ASSIGNMENT: A word-for-word copy of all entries is required, without images.

RECORDS PROVIDED:

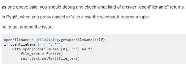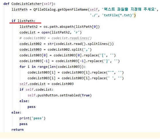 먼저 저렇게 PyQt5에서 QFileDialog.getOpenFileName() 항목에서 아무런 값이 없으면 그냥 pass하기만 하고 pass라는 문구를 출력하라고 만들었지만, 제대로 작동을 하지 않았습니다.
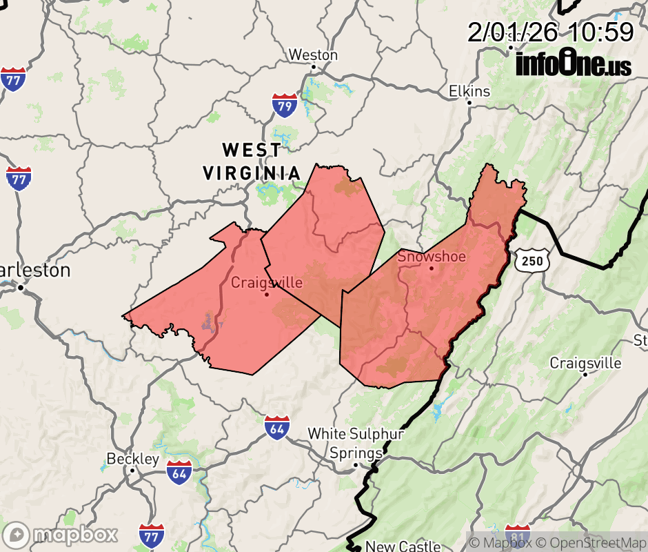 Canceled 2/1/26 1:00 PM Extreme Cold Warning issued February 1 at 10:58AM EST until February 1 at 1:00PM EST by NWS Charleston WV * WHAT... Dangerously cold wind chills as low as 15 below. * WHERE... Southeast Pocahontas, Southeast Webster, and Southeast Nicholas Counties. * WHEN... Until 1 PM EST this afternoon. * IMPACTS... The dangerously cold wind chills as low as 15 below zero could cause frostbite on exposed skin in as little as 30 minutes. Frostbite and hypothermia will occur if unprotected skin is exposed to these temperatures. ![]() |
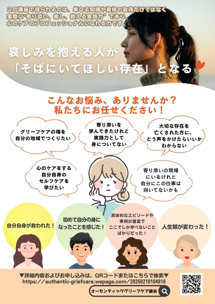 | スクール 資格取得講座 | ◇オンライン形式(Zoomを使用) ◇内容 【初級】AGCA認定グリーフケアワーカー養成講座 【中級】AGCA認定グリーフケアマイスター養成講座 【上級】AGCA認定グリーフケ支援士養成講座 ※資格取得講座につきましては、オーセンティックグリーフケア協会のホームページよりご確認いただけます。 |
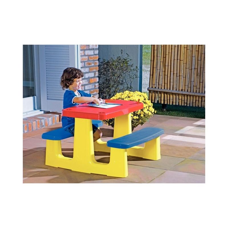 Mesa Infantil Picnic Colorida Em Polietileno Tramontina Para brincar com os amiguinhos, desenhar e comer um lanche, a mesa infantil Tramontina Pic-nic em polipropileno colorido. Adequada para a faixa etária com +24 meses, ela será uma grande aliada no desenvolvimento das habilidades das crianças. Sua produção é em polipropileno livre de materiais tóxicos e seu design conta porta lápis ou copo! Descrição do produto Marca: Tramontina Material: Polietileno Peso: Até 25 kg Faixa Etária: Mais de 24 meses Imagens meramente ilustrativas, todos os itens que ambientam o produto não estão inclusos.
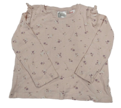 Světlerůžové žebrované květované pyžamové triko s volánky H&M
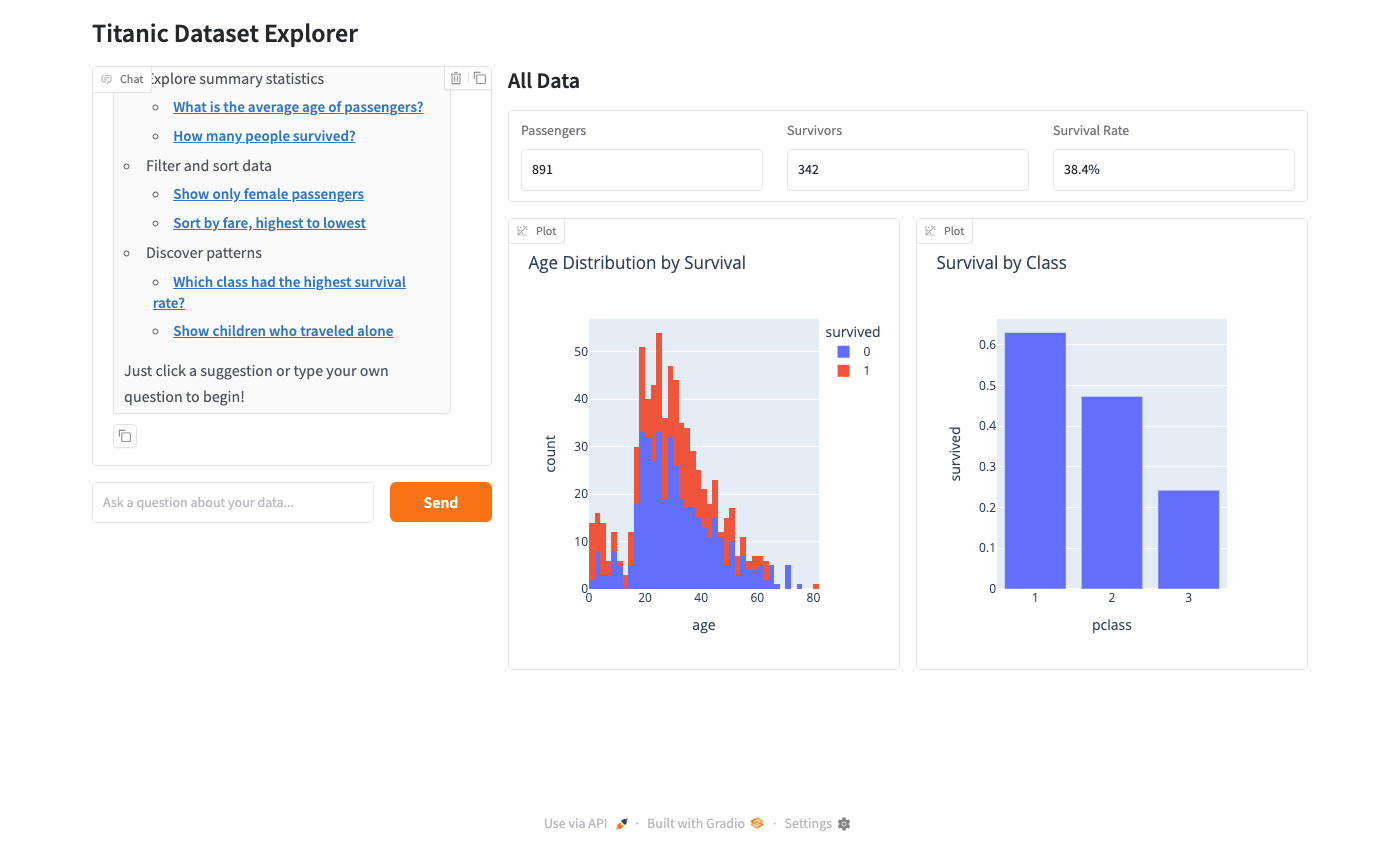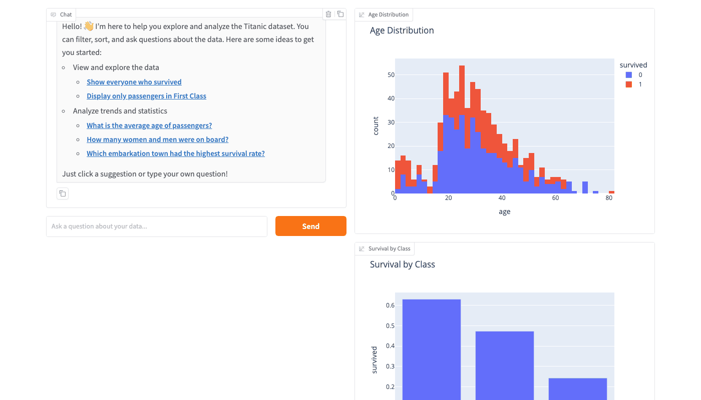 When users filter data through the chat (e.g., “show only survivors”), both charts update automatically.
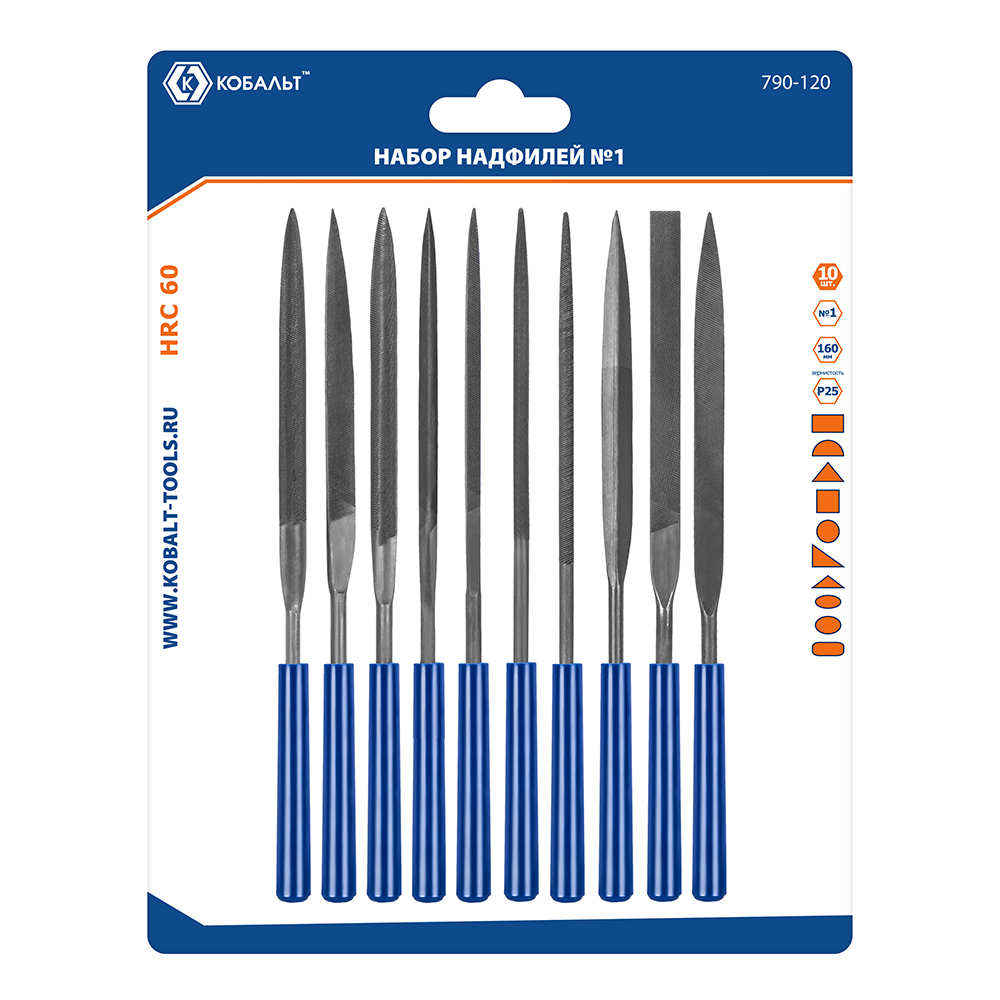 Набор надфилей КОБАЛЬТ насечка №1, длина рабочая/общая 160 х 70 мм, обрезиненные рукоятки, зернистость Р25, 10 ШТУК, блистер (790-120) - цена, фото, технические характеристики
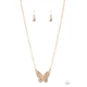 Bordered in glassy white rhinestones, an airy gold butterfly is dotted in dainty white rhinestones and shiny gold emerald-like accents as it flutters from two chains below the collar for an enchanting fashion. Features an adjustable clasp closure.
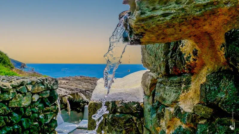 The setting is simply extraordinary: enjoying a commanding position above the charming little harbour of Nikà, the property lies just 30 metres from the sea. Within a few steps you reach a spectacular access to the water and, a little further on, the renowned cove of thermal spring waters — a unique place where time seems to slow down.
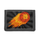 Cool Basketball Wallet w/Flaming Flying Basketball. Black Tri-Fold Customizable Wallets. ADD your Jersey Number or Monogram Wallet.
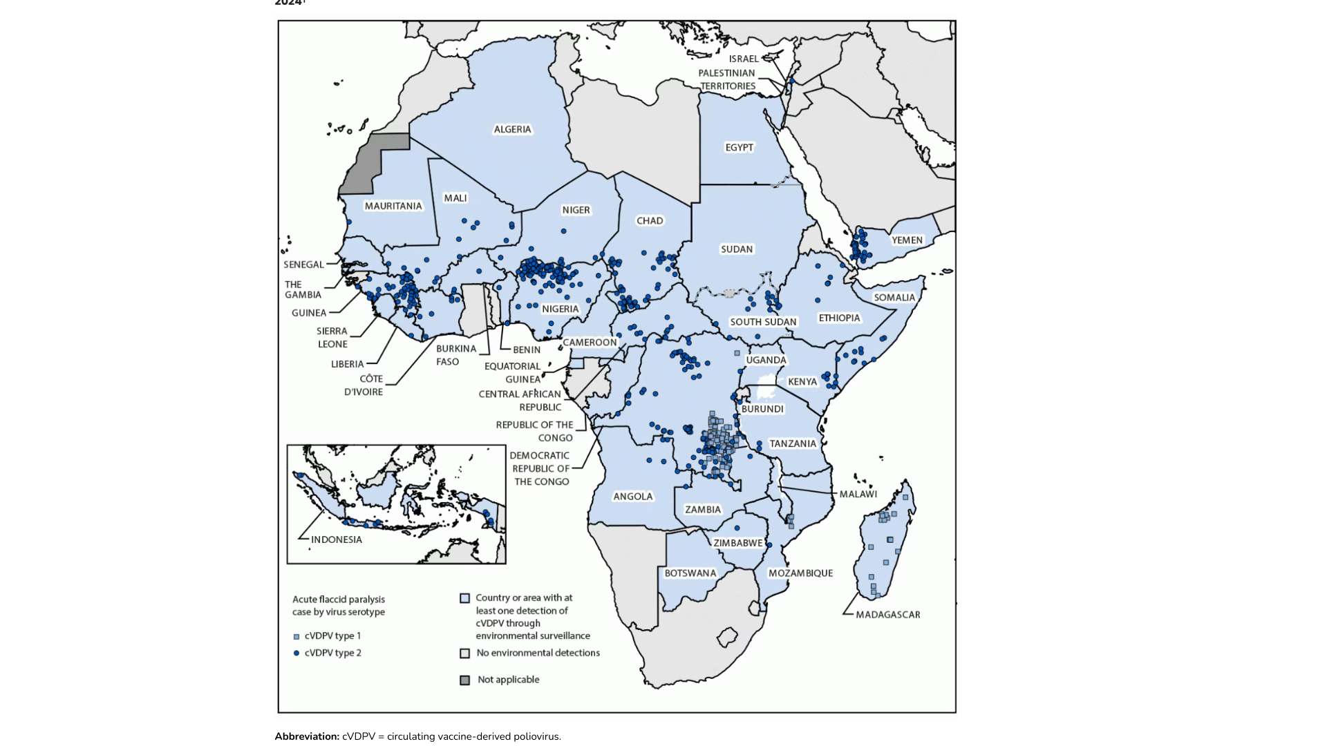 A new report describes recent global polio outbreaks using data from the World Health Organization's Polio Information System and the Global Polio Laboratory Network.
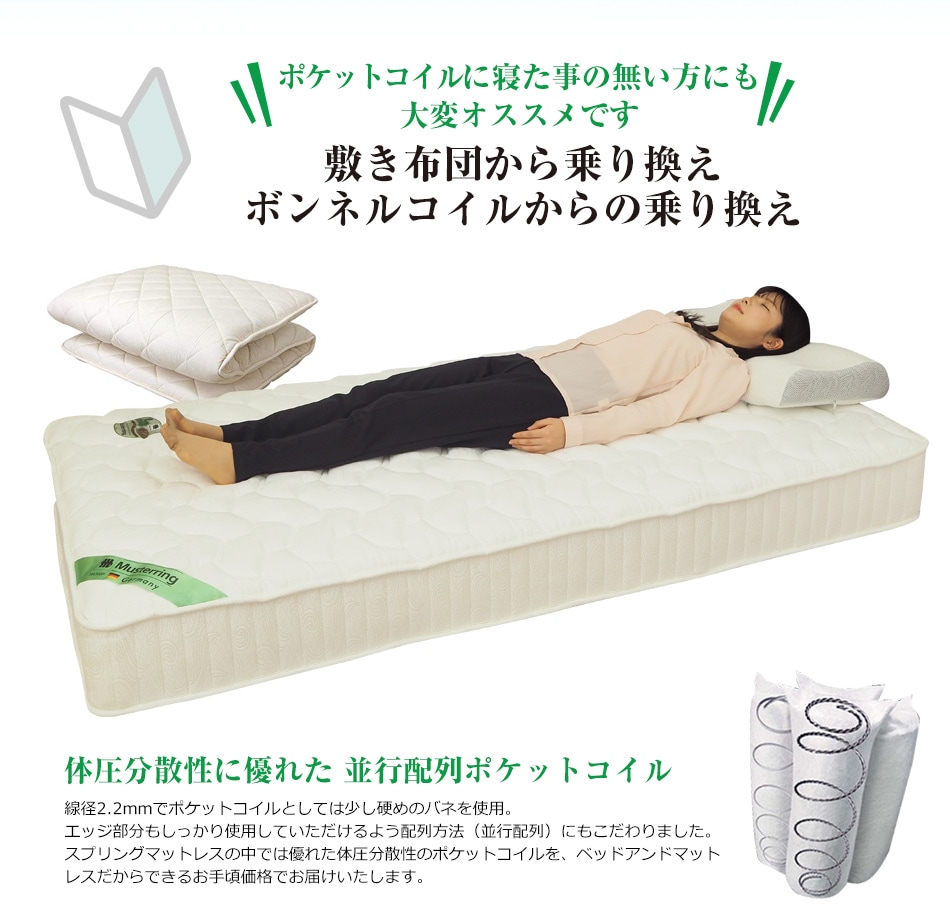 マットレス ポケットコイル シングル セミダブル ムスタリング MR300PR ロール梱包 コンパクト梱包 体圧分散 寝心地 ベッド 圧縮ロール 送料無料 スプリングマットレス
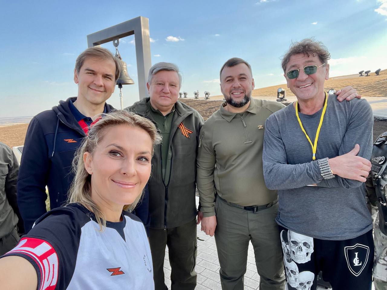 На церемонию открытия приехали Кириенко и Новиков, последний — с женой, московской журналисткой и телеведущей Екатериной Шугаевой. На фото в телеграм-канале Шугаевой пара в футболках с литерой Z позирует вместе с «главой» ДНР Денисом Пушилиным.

FINISHED EXERCISE:
 먼저 저렇게 PyQt5에서 QFileDialog.getOpenFileName() 항목에서 아무런 값이 없으면 그냥 pass하기만 하고 pass라는 문구를 출력하라고 만들었지만, 제대로 작동을 하지 않았습니다.
 Canceled 2/1/26 1:00 PM Extreme Cold Warning issued February 1 at 10:58AM EST until February 1 at 1:00PM EST by NWS Charleston WV * WHAT... Dangerously cold wind chills as low as 15 below. * WHERE... Southeast Pocahontas, Southeast Webster, and Southeast Nicholas Counties. * WHEN... Until 1 PM EST this afternoon. * IMPACTS... The dangerously cold wind chills as low as 15 below zero could cause frostbite on exposed skin in as little as 30 minutes. Frostbite and hypothermia will occur if unprotected skin is exposed to these temperatures. ![]() |
 | スクール 資格取得講座 | ◇オンライン形式(Zoomを使用) ◇内容 【初級】AGCA認定グリーフケアワーカー養成講座 【中級】AGCA認定グリーフケアマイスター養成講座 【上級】AGCA認定グリーフケ支援士養成講座 ※資格取得講座につきましては、オーセンティックグリーフケア協会のホームページよりご確認いただけます。 |
 Mesa Infantil Picnic Colorida Em Polietileno Tramontina Para brincar com os amiguinhos, desenhar e comer um lanche, a mesa infantil Tramontina Pic-nic em polipropileno colorido. Adequada para a faixa etária com +24 meses, ela será uma grande aliada no desenvolvimento das habilidades das crianças. Sua produção é em polipropileno livre de materiais tóxicos e seu design conta porta lápis ou copo! Descrição do produto Marca: Tramontina Material: Polietileno Peso: Até 25 kg Faixa Etária: Mais de 24 meses Imagens meramente ilustrativas, todos os itens que ambientam o produto não estão inclusos.
 Světlerůžové žebrované květované pyžamové triko s volánky H&M
 When users filter data through the chat (e.g., “show only survivors”), both charts update automatically.
 Набор надфилей КОБАЛЬТ насечка №1, длина рабочая/общая 160 х 70 мм, обрезиненные рукоятки, зернистость Р25, 10 ШТУК, блистер (790-120) - цена, фото, технические характеристики
 Bordered in glassy white rhinestones, an airy gold butterfly is dotted in dainty white rhinestones and shiny gold emerald-like accents as it flutters from two chains below the collar for an enchanting fashion. Features an adjustable clasp closure.
 The setting is simply extraordinary: enjoying a commanding position above the charming little harbour of Nikà, the property lies just 30 metres from the sea. Within a few steps you reach a spectacular access to the water and, a little further on, the renowned cove of thermal spring waters — a unique place where time seems to slow down.
 Cool Basketball Wallet w/Flaming Flying Basketball. Black Tri-Fold Customizable Wallets. ADD your Jersey Number or Monogram Wallet.
 A new report describes recent global polio outbreaks using data from the World Health Organization's Polio Information System and the Global Polio Laboratory Network.
 マットレス ポケットコイル シングル セミダブル ムスタリング MR300PR ロール梱包 コンパクト梱包 体圧分散 寝心地 ベッド 圧縮ロール 送料無料 スプリングマットレス
 На церемонию открытия приехали Кириенко и Новиков, последний — с женой, московской журналисткой и телеведущей Екатериной Шугаевой. На фото в телеграм-канале Шугаевой пара в футболках с литерой Z позирует вместе с «главой» ДНР Денисом Пушилиным.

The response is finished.